Kentucky aims to close its health insurance exchange

Kentucky insurance exchange health insurers

Governor Matt Bevin intends to shut down the Kentucky health insurance exchange

Kentucky lawmakers are beginning to move forward with plans to close the state’s health insurance exchange. In late December of 2015, Governor Matt Bevin sent a letter to federal officials informing them of the plan. The governor noted that the exchange will no longer be operational “as soon as is practicable.” According to federal law, this will be a year-long process, at least, and will not have an impact on the health insurance policies that were sold through the exchange for 2016.

Many consumers have found coverage through the state’s exchange

Kentucky is one of only 14 states that has chosen to operate its own health insurance exchange. Some 100,000 people have used the exchange to find the coverage that they need, with the majority taking advantage of subsidies provided by the federal government. The exchange has been responsible for a significant decrease in the state’s uninsured population, ensuring that consumers have the necessary coverage.

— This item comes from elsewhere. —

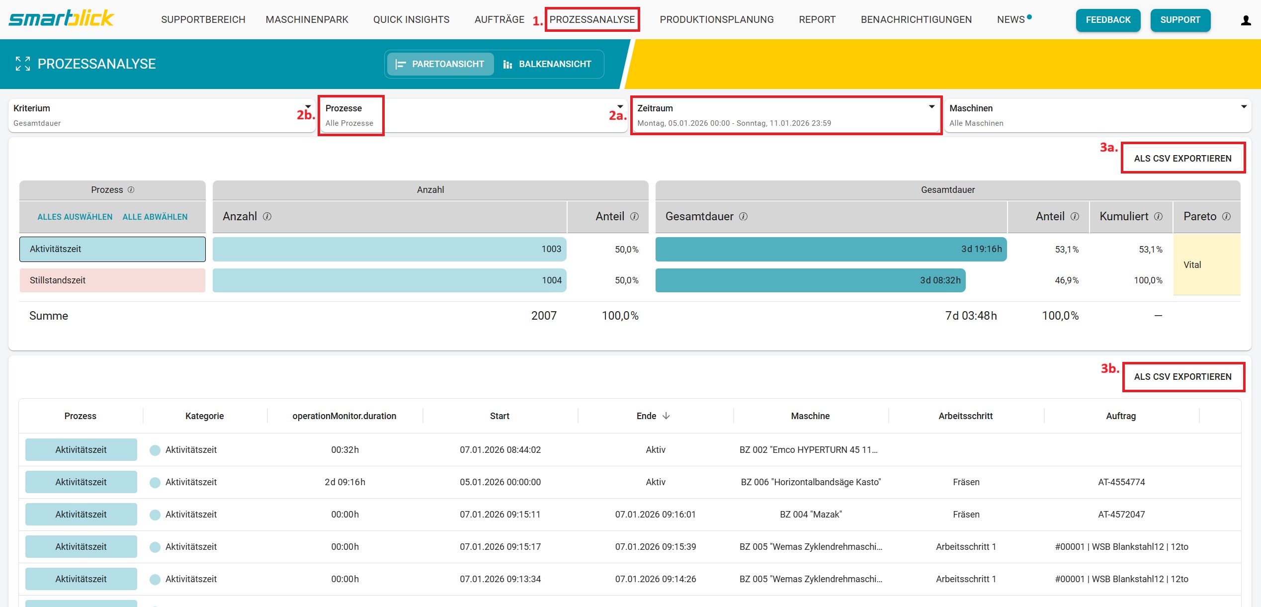 - Wählen Sie die relevanten Prozesse (2a.) sowie den gewünschten Zeitraum (2b.) aus.

Exchange may not be generating the revenue it needs to continue operating effectively

Kentucky health insuranceGovernor Bevin believes that the state’s health insurance exchange is not able to meet its financial obligations due to falling enrollment numbers. The exchange is funded by a 1% tax that is imposed on all health insurance policies that are sold in the state. Through this tax, the exchange is expected to generate only $4 million of the $27 million in needs to operate every year. Many of the consumers paying the 1% tax to support the exchange are not actually using its services, which makes the exchange a relatively costly burden for Kentucky residents.

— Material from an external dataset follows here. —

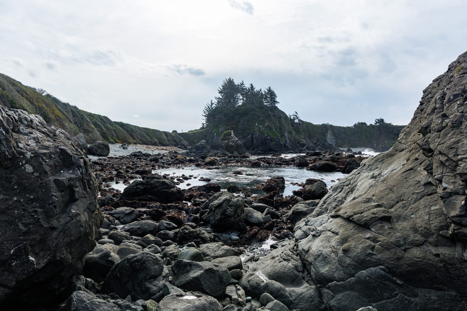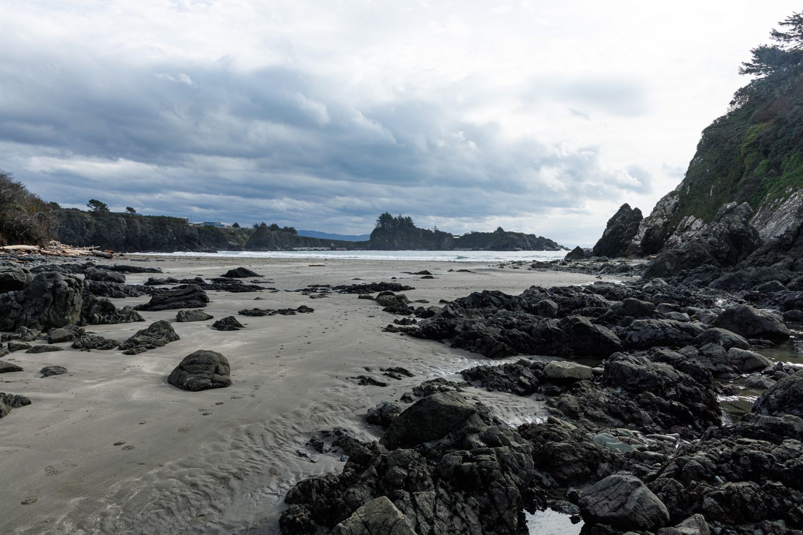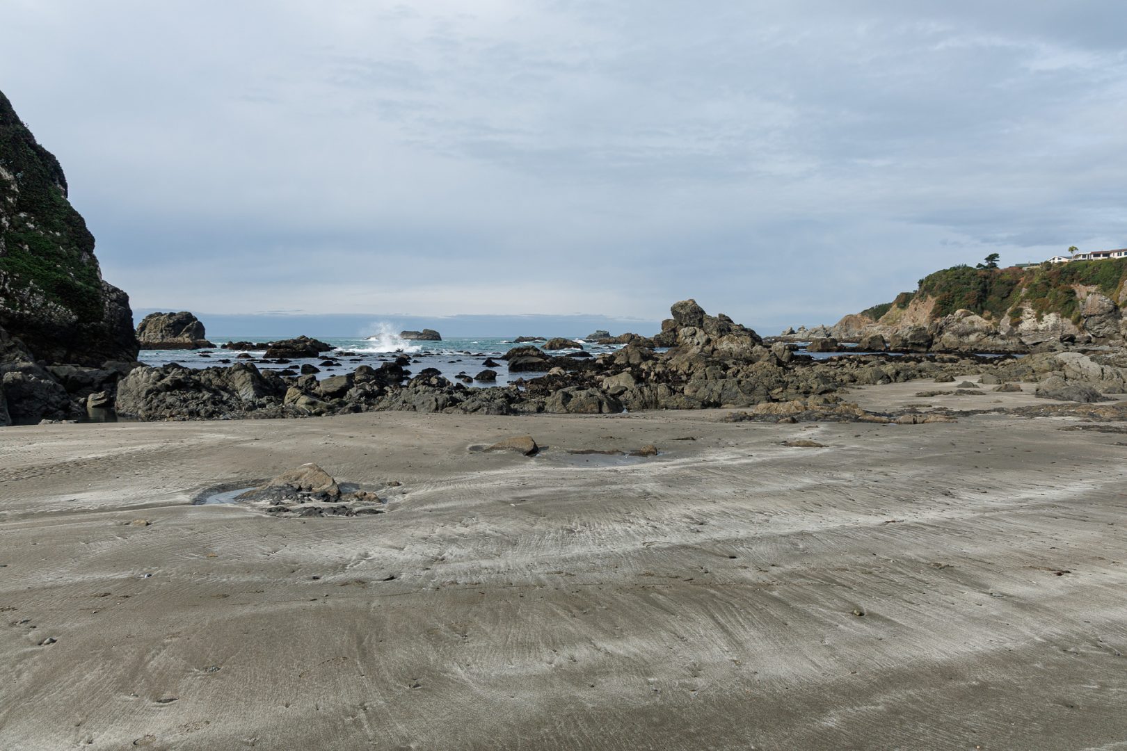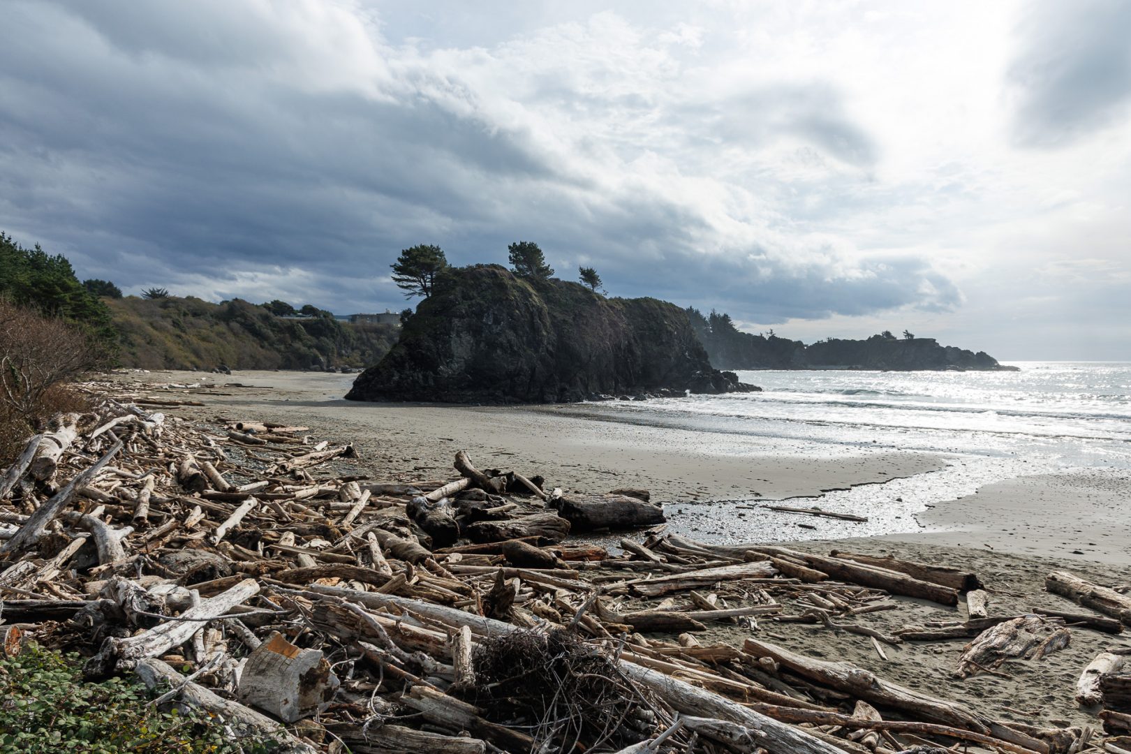 218760 km : Avant de quitter Brookings, nous irons faire un petit tour sur la plage. Encore, nous direz-vous 🙄 ? On ne se lasse pas de ces plages de sable avec ces gros cailloux et ces vagues énormes… C’est trop beau 🤩 ! Nous laissons le camion et nous nous rendons à pied à la plage de Mill Beach. Ce matin, c’est marée basse, nous verrons surtout le sable, les gros rochers et les tonnes de bois flotté.

Closure of the health insurance exchange may restrict access to coverage

Some believe that putting the state’s health insurance exchange to rest may not be a good idea. Jason Bailey, executive director of the Kentucky Center for Economic Policy, suggests that closing the exchange would be a “step backward on access to health care.” The state’s Medicaid program has been expanded, however, and it may be able to handle the needs of consumers looking for coverage in 2017.